**What this task involves**: Only the lines from the start of the entries up to and including the line with "Korteris on tehtud" should be written out, exactly as they stand.

**Entries supplied**:
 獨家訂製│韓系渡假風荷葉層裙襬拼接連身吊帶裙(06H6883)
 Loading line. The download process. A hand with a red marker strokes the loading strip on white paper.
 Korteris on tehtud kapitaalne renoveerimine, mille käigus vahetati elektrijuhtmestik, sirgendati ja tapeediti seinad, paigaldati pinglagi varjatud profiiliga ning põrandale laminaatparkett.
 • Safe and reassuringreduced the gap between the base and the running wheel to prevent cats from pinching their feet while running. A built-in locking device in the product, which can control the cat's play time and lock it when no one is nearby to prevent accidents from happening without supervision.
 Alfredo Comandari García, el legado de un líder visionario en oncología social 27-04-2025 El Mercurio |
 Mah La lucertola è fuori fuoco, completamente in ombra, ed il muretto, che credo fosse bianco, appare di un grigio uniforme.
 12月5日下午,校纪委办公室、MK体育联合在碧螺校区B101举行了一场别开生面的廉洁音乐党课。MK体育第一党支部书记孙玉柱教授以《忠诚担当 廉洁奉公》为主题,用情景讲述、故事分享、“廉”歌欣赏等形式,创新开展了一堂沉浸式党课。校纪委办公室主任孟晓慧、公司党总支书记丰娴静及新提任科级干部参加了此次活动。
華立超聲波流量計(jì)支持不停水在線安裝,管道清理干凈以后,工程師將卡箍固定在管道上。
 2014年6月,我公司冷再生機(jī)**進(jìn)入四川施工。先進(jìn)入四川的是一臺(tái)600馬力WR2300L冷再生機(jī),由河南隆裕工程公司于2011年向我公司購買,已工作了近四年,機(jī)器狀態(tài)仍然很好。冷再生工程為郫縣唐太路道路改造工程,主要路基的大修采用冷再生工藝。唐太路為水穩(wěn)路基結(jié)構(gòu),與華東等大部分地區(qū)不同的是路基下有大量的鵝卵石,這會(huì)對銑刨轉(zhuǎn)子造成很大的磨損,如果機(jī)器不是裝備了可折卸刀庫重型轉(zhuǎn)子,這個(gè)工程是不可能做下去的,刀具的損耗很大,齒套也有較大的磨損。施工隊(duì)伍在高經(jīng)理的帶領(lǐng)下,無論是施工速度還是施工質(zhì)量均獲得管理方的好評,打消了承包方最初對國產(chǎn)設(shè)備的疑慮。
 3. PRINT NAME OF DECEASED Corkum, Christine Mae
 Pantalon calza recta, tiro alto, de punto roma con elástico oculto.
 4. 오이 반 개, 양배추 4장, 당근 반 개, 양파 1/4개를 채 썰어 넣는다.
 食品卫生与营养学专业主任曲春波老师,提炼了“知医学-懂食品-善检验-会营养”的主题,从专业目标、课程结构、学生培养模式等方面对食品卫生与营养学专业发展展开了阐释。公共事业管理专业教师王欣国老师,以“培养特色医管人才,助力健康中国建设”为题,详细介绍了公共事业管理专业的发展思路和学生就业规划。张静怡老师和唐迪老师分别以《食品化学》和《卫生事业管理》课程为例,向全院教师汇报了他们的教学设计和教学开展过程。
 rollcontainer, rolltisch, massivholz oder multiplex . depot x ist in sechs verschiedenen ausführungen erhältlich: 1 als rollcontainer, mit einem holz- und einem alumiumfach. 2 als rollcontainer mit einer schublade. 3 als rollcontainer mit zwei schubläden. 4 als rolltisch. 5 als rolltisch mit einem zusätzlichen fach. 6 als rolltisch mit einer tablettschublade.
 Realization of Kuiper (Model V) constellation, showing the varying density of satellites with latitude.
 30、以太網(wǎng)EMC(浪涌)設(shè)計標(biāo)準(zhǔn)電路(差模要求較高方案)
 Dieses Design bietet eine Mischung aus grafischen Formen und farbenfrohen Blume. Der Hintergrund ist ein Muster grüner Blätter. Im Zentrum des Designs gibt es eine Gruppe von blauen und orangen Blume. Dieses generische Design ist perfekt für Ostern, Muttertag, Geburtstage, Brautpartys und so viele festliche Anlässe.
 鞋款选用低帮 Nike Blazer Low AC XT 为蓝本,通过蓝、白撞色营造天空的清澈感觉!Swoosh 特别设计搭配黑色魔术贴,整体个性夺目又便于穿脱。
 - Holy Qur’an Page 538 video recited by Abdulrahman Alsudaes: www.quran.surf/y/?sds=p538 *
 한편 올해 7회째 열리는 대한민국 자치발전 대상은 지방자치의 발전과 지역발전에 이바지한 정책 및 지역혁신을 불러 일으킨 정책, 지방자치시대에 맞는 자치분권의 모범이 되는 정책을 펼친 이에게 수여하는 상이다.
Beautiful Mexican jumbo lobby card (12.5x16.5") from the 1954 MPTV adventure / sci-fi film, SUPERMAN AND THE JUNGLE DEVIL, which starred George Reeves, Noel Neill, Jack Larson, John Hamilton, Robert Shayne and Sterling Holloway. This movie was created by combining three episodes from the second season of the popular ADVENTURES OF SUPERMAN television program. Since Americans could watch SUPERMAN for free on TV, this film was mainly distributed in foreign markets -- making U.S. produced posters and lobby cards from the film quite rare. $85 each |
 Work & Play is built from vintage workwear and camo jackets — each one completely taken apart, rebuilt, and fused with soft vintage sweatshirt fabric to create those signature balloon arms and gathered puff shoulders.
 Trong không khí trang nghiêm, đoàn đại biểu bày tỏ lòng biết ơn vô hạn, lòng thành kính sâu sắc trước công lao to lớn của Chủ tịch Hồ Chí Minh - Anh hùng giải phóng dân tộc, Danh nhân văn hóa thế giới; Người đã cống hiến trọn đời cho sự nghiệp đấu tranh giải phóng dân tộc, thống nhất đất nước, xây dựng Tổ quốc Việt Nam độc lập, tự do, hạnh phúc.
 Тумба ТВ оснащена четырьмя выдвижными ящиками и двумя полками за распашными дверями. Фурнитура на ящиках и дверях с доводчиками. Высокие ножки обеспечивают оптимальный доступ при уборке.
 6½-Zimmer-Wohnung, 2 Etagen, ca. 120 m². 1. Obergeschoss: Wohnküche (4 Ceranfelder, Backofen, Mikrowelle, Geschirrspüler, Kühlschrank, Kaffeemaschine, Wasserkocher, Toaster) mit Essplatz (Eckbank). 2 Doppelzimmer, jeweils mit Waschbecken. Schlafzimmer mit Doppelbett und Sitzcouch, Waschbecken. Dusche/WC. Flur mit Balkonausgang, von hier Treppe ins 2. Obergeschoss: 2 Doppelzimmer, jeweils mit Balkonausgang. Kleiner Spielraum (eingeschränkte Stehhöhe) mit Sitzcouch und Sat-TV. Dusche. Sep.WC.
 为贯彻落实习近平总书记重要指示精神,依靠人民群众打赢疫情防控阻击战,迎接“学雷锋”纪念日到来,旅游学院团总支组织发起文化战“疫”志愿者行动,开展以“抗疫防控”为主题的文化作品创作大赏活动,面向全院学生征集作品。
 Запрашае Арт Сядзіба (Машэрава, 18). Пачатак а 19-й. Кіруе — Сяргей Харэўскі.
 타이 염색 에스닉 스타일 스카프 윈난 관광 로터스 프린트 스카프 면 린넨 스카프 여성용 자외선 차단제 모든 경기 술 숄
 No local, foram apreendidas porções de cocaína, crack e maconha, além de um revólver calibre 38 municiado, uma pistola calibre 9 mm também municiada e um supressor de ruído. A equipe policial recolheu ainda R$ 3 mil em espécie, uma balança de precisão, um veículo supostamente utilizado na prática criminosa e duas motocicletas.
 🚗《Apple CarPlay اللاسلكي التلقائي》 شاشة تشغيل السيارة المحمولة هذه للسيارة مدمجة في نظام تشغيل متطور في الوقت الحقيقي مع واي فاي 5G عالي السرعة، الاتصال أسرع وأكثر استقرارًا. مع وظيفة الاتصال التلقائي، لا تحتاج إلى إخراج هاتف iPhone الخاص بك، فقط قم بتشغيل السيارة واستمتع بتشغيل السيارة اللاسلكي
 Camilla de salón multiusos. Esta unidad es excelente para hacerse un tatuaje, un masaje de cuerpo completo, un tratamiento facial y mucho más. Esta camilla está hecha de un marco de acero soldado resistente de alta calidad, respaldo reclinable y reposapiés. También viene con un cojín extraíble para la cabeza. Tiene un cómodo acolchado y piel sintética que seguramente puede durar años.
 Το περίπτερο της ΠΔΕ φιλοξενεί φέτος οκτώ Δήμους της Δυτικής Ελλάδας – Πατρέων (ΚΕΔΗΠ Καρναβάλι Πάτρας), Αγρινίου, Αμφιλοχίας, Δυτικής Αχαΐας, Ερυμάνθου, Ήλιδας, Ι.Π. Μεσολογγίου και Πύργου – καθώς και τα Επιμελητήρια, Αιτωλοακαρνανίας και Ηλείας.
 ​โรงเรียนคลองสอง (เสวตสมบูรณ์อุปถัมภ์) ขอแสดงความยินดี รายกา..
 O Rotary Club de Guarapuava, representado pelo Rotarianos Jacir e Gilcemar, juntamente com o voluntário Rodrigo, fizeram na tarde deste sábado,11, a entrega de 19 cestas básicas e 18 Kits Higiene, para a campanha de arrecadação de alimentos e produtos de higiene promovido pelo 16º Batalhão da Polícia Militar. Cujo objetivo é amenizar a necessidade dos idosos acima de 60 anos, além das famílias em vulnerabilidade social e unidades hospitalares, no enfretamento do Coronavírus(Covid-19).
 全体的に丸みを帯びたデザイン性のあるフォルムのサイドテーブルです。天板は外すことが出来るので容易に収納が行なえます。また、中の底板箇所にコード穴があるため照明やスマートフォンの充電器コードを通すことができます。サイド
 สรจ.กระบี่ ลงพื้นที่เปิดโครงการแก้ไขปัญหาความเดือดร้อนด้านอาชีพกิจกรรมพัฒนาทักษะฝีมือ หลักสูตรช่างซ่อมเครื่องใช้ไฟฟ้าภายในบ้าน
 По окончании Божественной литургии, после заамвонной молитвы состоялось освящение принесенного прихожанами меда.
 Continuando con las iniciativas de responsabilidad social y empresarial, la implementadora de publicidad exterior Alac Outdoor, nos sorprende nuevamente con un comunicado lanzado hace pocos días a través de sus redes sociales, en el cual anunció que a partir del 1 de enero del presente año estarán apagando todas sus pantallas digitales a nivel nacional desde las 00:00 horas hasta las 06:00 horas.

**Exercise solution**:
 獨家訂製│韓系渡假風荷葉層裙襬拼接連身吊帶裙(06H6883)
 Loading line. The download process. A hand with a red marker strokes the loading strip on white paper.
 Korteris on tehtud kapitaalne renoveerimine, mille käigus vahetati elektrijuhtmestik, sirgendati ja tapeediti seinad, paigaldati pinglagi varjatud profiiliga ning põrandale laminaatparkett.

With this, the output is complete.